“I’ve never seen one of these before. What kind of car is it?” the police officer asked, his cruiser parked behind us on Massachusetts’ Route 13 to provide some protection against the stream of commuter traffic rushing north, toward the New Hampshire border. “It’s a Rover,” I replied. “An SD1. It’s a British car.”

“Rover, huh? Never heard of those,” he said. This didn’t surprise me, given that he probably had not yet been born when Rover made its last stab at selling cars in the U.S. in 1980. “You know Land Rover and Range Rover?” I asked, employing my standard response. He nodded. “Well, the same company that made those built cars, too, going all the way back to the early 1900s.” He found this surprising. People always do.
The car’s owner, my friend Dirk Burrowes, is far more qualified than I am to talk about Rover’s long history, but he was busy crawling under the car, looking for the cause of our fuel starvation issue. This, fortunately, turned out to be nothing more serious than a rust-clogged fuel filter, but it did force us to limp the Rover back to Dirk’s shop for a repair, making us late for the start of the September 8-10 New England British Reliability Run.
“Wait,” you’re saying, “you had a breakdown on the way to an event called the British Reliability Run?” Go ahead and laugh. Any owner can tell you that a sense of humor is something you’d better have in your toolkit if you want to drive an older British car in America. Jokes about “Lucas, Prince of Darkness” electrical systems and leaky cars “marking” their territory with motor oil are just another thing we’ve bonded over in our hopeless allegiance to the cars of Old Blighty. And besides, this breakdown happened before the Reliability Run, and so it didn’t count.

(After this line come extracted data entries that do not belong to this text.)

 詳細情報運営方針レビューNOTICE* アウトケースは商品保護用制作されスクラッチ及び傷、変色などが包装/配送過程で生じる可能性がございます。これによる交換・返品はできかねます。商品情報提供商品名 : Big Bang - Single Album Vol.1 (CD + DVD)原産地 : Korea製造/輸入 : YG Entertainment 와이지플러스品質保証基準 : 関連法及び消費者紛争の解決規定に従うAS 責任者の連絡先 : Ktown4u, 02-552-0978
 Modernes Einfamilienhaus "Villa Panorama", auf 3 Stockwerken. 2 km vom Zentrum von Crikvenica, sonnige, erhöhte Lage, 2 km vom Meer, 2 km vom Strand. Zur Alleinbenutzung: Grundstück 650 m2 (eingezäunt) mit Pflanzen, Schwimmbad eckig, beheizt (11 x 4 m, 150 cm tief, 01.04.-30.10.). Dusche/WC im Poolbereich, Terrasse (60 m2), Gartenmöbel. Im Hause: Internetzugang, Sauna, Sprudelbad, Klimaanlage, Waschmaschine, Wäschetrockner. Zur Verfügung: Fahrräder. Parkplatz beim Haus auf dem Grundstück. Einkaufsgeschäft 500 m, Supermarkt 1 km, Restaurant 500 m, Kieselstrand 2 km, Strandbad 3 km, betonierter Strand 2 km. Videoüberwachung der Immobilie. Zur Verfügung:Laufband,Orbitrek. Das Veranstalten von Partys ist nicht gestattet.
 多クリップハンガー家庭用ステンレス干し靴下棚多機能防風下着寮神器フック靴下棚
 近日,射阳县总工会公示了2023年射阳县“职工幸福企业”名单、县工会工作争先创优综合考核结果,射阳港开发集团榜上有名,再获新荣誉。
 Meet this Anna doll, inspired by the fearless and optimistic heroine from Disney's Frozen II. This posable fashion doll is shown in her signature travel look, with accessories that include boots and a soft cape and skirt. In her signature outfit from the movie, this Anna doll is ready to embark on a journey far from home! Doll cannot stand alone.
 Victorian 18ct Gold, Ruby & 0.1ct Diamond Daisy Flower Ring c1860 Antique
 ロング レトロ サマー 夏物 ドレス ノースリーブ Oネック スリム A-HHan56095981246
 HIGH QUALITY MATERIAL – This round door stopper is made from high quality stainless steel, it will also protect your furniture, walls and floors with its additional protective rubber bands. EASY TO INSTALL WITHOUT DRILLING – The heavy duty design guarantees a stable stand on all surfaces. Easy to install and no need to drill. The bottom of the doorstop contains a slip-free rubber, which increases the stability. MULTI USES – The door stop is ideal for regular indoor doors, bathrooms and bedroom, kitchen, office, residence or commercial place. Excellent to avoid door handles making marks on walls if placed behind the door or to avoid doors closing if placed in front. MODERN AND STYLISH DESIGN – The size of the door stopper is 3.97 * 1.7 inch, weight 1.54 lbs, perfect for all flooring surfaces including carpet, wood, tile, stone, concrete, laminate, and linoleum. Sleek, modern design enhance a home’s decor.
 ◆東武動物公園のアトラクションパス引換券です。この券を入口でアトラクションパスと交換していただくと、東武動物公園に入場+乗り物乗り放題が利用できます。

This was my fourth Reliability Run, and my third with Dirk, who’s been enough of a good sport to put his own cars – Rovers all – to the three-day, 600-mile test. We made it all the way in 2015 in his 1950 P4 saloon, a.k.a. “Cyclops,” and suffered a failed clutch in 2016 in his 1949 P3. This time around, we’ve chosen something quite a bit more modern, a five-speed, four-door hatchback powered by Rover’s marvelous 3.5-liter V-8 engine.
When he organized the very first America’s British Reliability Run back in 2003, Blake Discher was rising to the defense of these supposedly unreliable machines, while simultaneously raising funds for a charity that benefits children. The baton was passed to Delaware Valley Triumphs in 2008 after Blake met with the DVT’s Dave Hutchison, well known in British car circles as the operations manager for restoration shop Ragtops & Roadsters in Perkasie, Pennsylvania.
Over the years, the basic idea of the reliability run hasn’t changed at all: Teams sign up well in advance, shakedown friends, family, and strangers for donations, and arrive at the starting point with their classic British car, ready for a weekend of driving. It’s not a rally or a race, but a spirited drive through 600 miles of beautiful countryside in the company of fellow British car enthusiasts. The only competition lies in how much money the teams can raise. Because the donations are collected before the drive begins, it makes no difference to the bottom line if a team covers one mile, or 600. In other words, to enter is to win.
Over the past couple of years, the idea of the reliability run has spread like 30-weight Castrol on hot blacktop. In 2016, a Colorado-based run joined the DVT’s Pennsylvania-based event; for 2017, those two returned, joined by new runs in Washington, D.C. and New Hampshire, which is the one Dirk and I have chosen to enter. The donations we’ve raised for the designated charity, Boston Children’s Hospital, are modest, but every dollar counts. Our destination this Friday morning had been Historic Motor Sports of Candia, New Hampshire, the start/finish line for the run, but having been delayed, we arranged to meet up with the group at its lunch stop, taking the interstate to make up time.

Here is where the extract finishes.